2010 marks the fifteenth anniversary of the availability of the first complete bacterial genome sequence, that of Haemophilus influenzae1. At 1.8 Mb and with 1,750 protein-coding genes, this sequencing effort seems modest today, but it was a crucial genomics milestone. The H. influenzae sequence was followed a few months later by the sequence of Mycoplasma genitalium, and the first archaeal genome sequence — that of Methanocaldococcus jannaschii — was published the following year. 5 years later, 30 complete sequences were available. From then on, the pace of completion began to accelerate, and on 21 October 2009 a landmark in microbial genome sequencing was reached with the completion of the thousandth sequence, that of Methanocaldococcus vulcanius M7.
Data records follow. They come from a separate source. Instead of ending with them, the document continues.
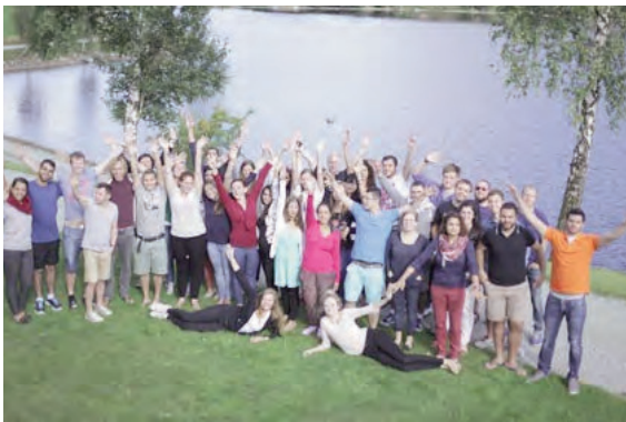
Utrusting av fredsagentar

Etter oppstarten i 06/07 har tre ”kull” vore gjennom BB-programmet. Fjerde kullet var samla til første bolken av programmet nå i sommar. Det innebar at 10 messianske jødar, 10 arabarar/palestinarar og 10 nordmenn, - alle kristne ungdomar, - var samla vel ei veke på Vaulali Leirstad i Rogaland, - midt i flott norsk natur! Dei var ilag på krevjande turar, i teambuilding, leik og kveldar med kulturprogram.
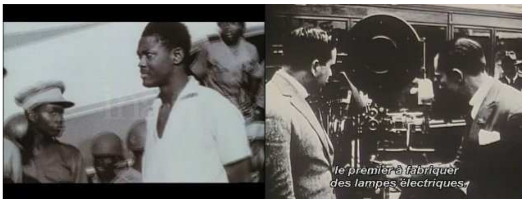
Film d'archive dans Souleymane Cissé Film d'archive dans Oliveira, l'architecte

Dans les deux documentaires, ces images ont été extraites de films d'archives. Si nous suivons la définition de la citation 37 , rien ne nous permet de contredire le fait que les images d'archives puissent être des citations. Il n'est pas nécessaire que la personne qui filme ces événements soit un auteur de films, ni que ces images soient les passages d'une œuvre filmique, pour qu'il y ait citation. Il suffit simplement que ces images proviennent d'un film antérieur.
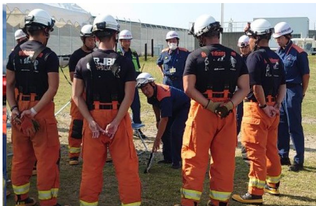
泉州南広域消防本部 訓練指導
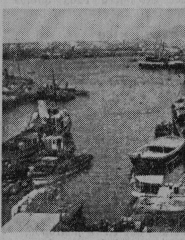
GRECIA. — EL PIREO

Los alemanes, en su retirada, habían incendiado centenares de aldeas y poblados; las ruinas no han sido restablecidas. Arrabalaron, aquellos, una parte importante de la ciudad, las finanzas públicas
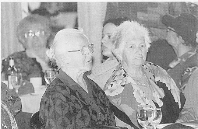
Senioren der Pflege- und Altersheime Thusis und Domleschg besuchen das HTF-Schulhotel in Passugg.

pd. Die Hotel- und Touristikfachschule (HTF) Chur hat Mitte März 1998 ihren Erweiterungsbau in Passugg bezogen. Als Auftakt zu diesen Eröffnungsfeierlichkeiten hat die HTF neulich die Bewohnerinnen und Bewohner der beiden Pflege- und Altersheime Thusis und Fürstenaubruck zu einem gemütlichen Nachmittag ins Schulhotel Passugg eingeladen.
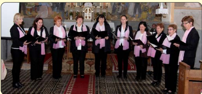
Ženski pjevački zbor iz Pečuha
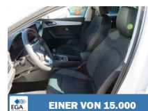
EINER VON 15.000
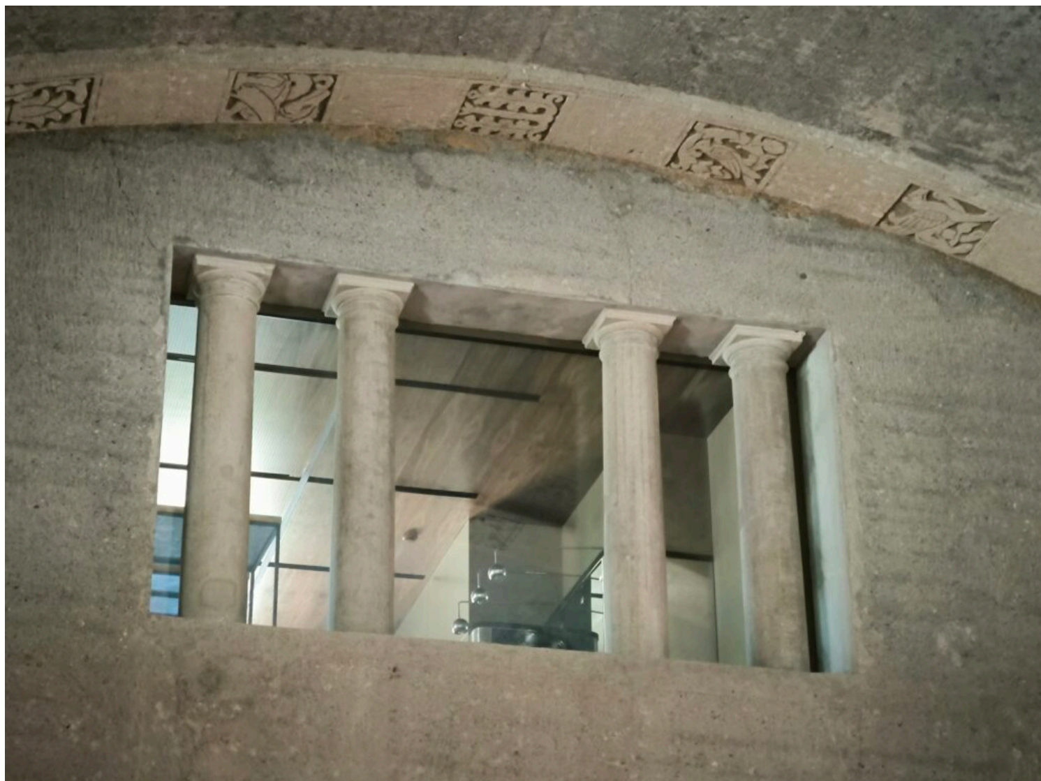
Poznań, pawilon wystawowy
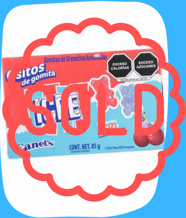
icee osito gomas $12.000
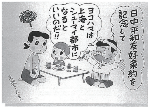
赤塚不二夫 「国際都市横浜」昭和53年
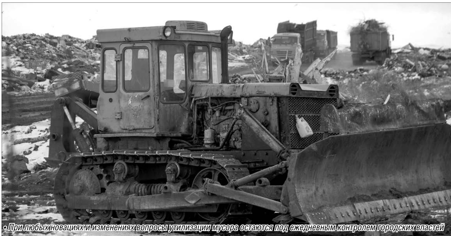
• При любых новациях и изменениях вопросы утилизации мусора остаются под ежедневным контролем городских властей

Грозят ли Магнитогорску проблемы с мусором?

This data explosion was fuelled by improvements in the Sanger-based sequencing technologies and, more recently, the development of the so-called 'next-generation' ultra-high-throughput sequencing methods, which have substantially lowered the costs and increased the speed of genome sequencing. Microbial genome sequencing is now a routine part of many grant applications, and although dedicated sequencing centres still carry out most genome sequencing projects, sequencing facilities are now available in many individual academic departments; indeed, a bench-top sequencing platform should soon be commercially available.

“the phylogenetic distribution of the completed sequences is ... biased towards organisms of specific medical or economic interest”

The completed genomes include those of all the important model and reference organisms, and multiple sequences are available for many of the key human and animal pathogens. However, over the past 15 years microorganisms have been selected for sequencing on an ad hoc basis. Consequently, the phylogenetic distribution of the completed sequences is understandably biased towards organisms of specific medical or economic interest, and more than 80% of the available sequences represent just three major lineages: Proteobacteria, Firmicutes and Actinobacteria.

This bias was noted in a recent report (Large-Scale Sequencing: The Future of Genomic Sciences?) from the American Academy of Microbiology (AAM). The report represents the output of an AAM colloquium that was held in September 2008 to assess the issues associated with large-scale sequencing and review how best to proceed. The colloquium participants recommended that a large-scale, taxonomically driven effort to redress the balance in the sequenced genomes is warranted and should begin with the targeting sequencing of cultured isolates, in particular those with detailed metadata, and then move towards sequencing of non-cultured species and genera as single-cell isolation methods improve.

The AAM report concludes: “A well-coordinated large-scale effort to target the breadth and depth of microbial diversity would result in the greatest impact.” Interestingly, the results of a pilot project that aims to do just that have recently been published2. The paper presents the first results from a US Department of Energy-funded project known as the Genomic Encyclopaedia of Bacteria and Archaea (GEBA), the ultimate aim of which is to use targeted sequencing to generate “a phylogenetically balanced genomic representation of the microbial tree of life” (Ref. 2). In the pilot project, the authors used a phylogenetic tree constructed using small subunit ribosomal RNA genes to identify major branches for which cultured isolates were available that had not yet been sequenced. A total of 159 isolates were selected for sequencing, and this publication presents the analysis of the first 56 of those. The results indicate that such a systematic approach generates substantial additional information compared with the sequencing of isolates that have been selected at random. Moreover, the authors calculated that sequencing just 1,500 isolates in this targeted manner should effectively sample 50% of the diversity of known cultivated species, a vast improvement on the current sampling.

The availability of genome sequence data dramatically increased our understanding of numerous areas of microbiology, from basic microbial physiology to the identification of the genes underpinning pathogenicity. The steady availability of microbial genome data in the late 1990s kick-started the 'omics' revolution and led us into the realms of functional genomics, comparative genomics and metagenomics, as well as other areas of research such as systems (micro)biology, reverse vaccinology and, more recently, synthetic biology. However, for those interested in microbial diversity, at times it has seemed that the increasing amount of genome sequence data has served only to emphasise that we are just 'scratching the surface' in our understanding. The promising results for GEBA suggest that this, too, may be about to change.